What needs to be done >>
Reproduce the listing below exactly. Pictures do not belong in the copy.

Data block >>
━━━━━━━━━━━━━━━━

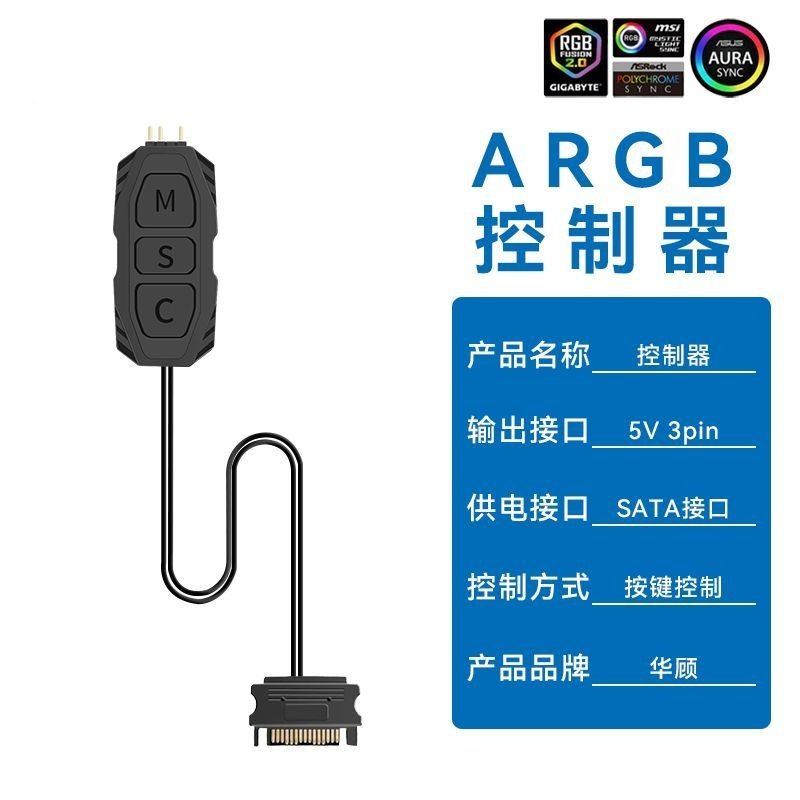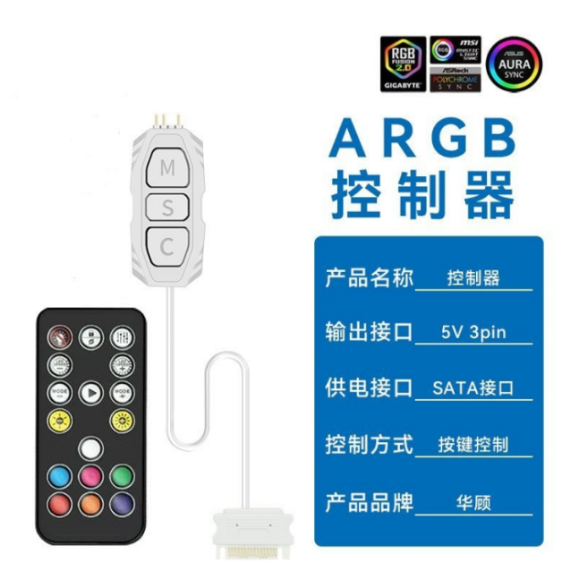 5V3针ARGB控制器机箱风扇ARGB神光同步LED灯带遥控器5V3pin转SATA
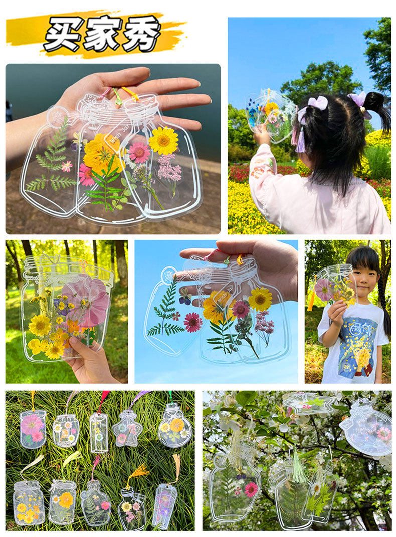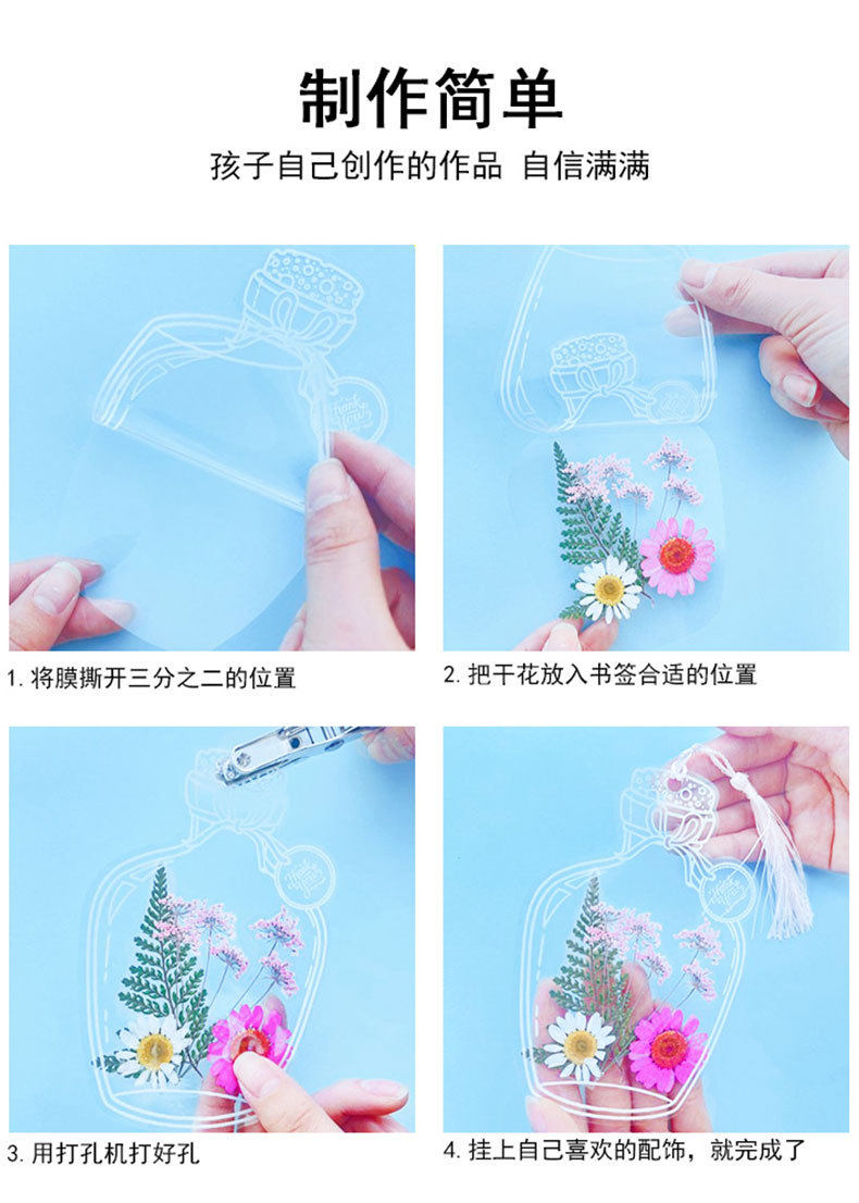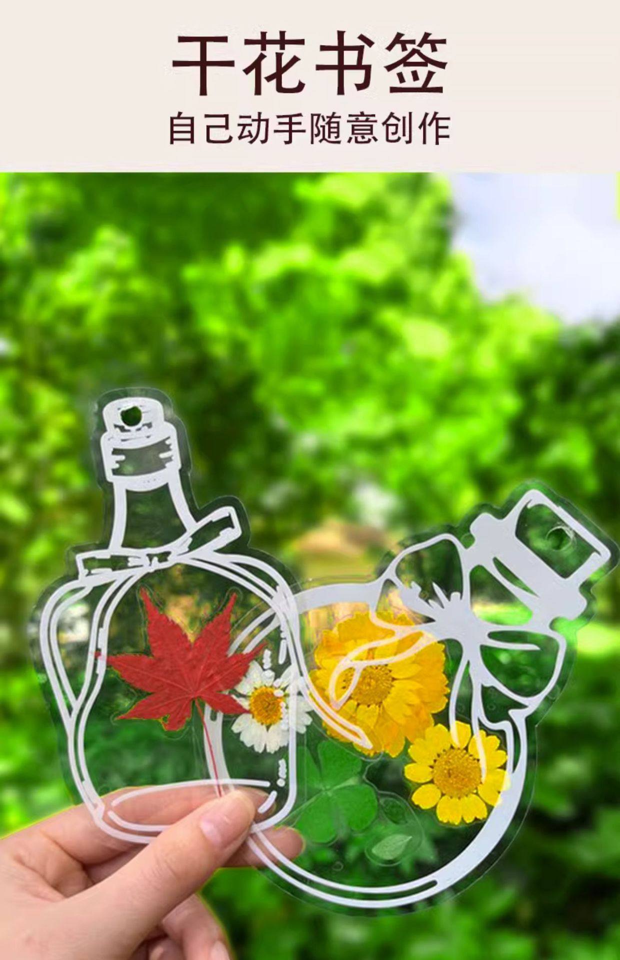 Dried Flower Bookmarks, Handmade DIY Materials, Autumn Childhood Collection Book in Bottles, Transparent Leaf Specimen Plastic Film
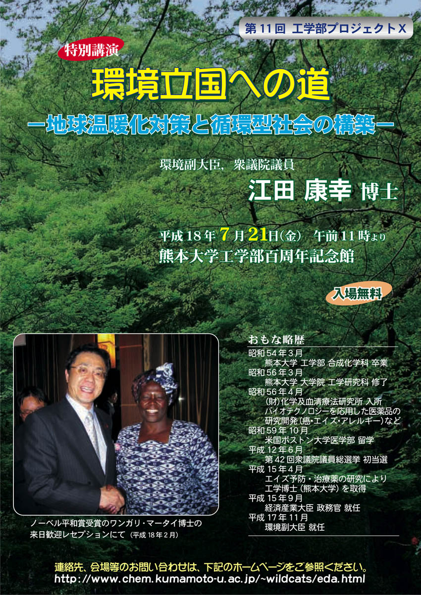 ご講演いただきます。皆様のご来場をお待ちしております。 | 7月21日(金)11:00〜12:30 | 熊本大学 工学部 百周年記念館(黒髪南地区) | 熊本市黒髪2−39−1(キャンパスマップ表示、交通案内) 環境立国への道ー地球温暖化対策と循環型社会の構築ー | 江田康幸 博士(環境副大臣、衆議院議員) |

━━━━━━━━━━━━━━━━

Written response >>
 5V3针ARGB控制器机箱风扇ARGB神光同步LED灯带遥控器5V3pin转SATA
 Dried Flower Bookmarks, Handmade DIY Materials, Autumn Childhood Collection Book in Bottles, Transparent Leaf Specimen Plastic Film
 ご講演いただきます。皆様のご来場をお待ちしております。 | 7月21日(金)11:00〜12:30 | 熊本大学 工学部 百周年記念館(黒髪南地区) | 熊本市黒髪2−39−1(キャンパスマップ表示、交通案内) 環境立国への道ー地球温暖化対策と循環型社会の構築ー | 江田康幸 博士(環境副大臣、衆議院議員) |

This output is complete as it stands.